**HOW TO COMPLETE THIS TASK:**
Using the records below, give again exactly the lines from the line that contains "Zomer Eend Kleur" through the line that contains "Estes indicadores climáticos", both ends included, and only those.

**RECORDS SHOWN:**

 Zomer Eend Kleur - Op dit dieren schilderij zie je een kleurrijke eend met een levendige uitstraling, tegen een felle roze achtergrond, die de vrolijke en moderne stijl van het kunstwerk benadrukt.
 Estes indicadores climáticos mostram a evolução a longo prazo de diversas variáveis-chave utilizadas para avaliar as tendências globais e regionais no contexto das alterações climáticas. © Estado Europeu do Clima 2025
---
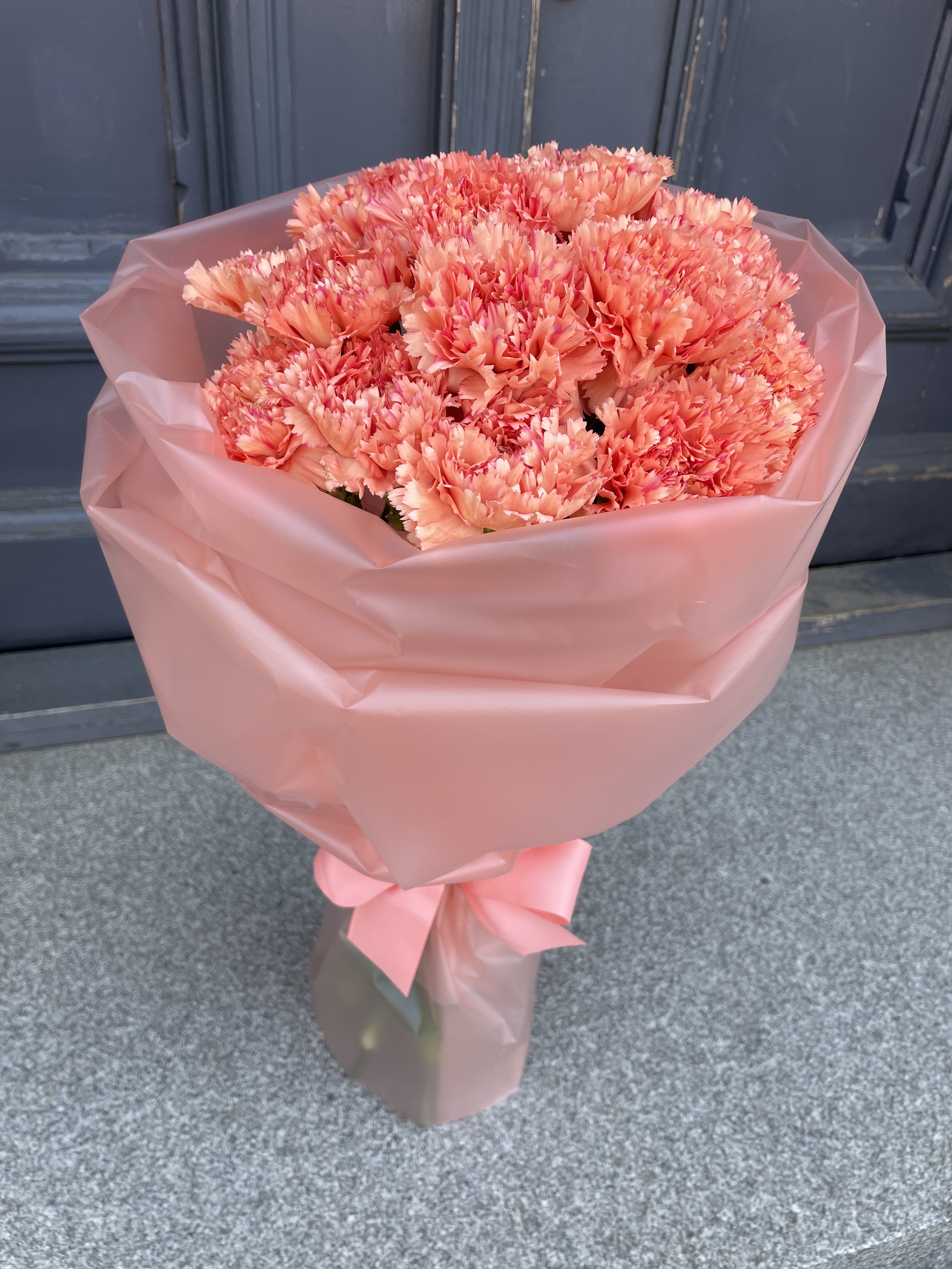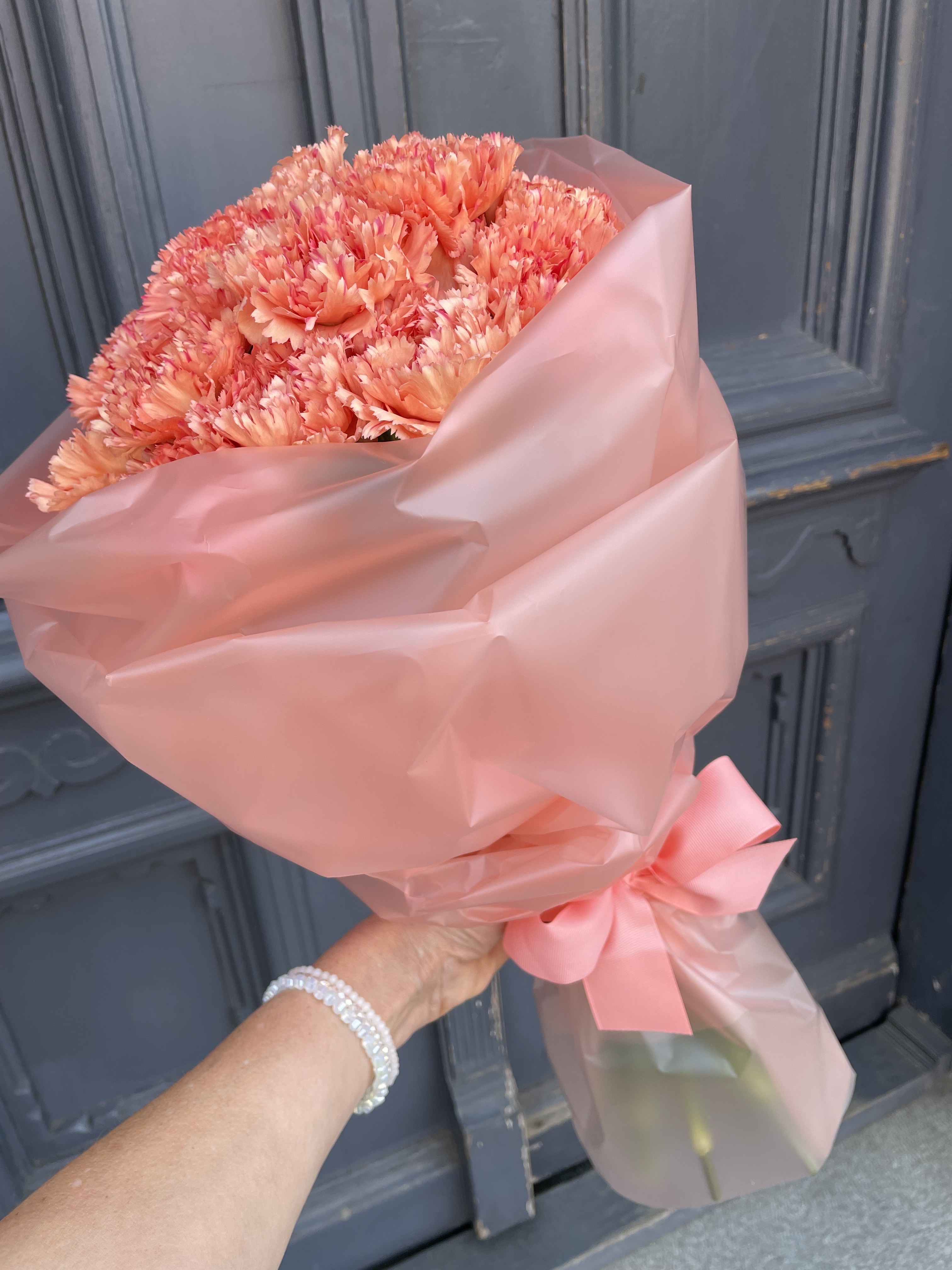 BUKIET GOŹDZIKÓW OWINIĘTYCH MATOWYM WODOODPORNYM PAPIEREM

**EXERCISE SOLUTION:**
 Zomer Eend Kleur - Op dit dieren schilderij zie je een kleurrijke eend met een levendige uitstraling, tegen een felle roze achtergrond, die de vrolijke en moderne stijl van het kunstwerk benadrukt.
 Estes indicadores climáticos mostram a evolução a longo prazo de diversas variáveis-chave utilizadas para avaliar as tendências globais e regionais no contexto das alterações climáticas. © Estado Europeu do Clima 2025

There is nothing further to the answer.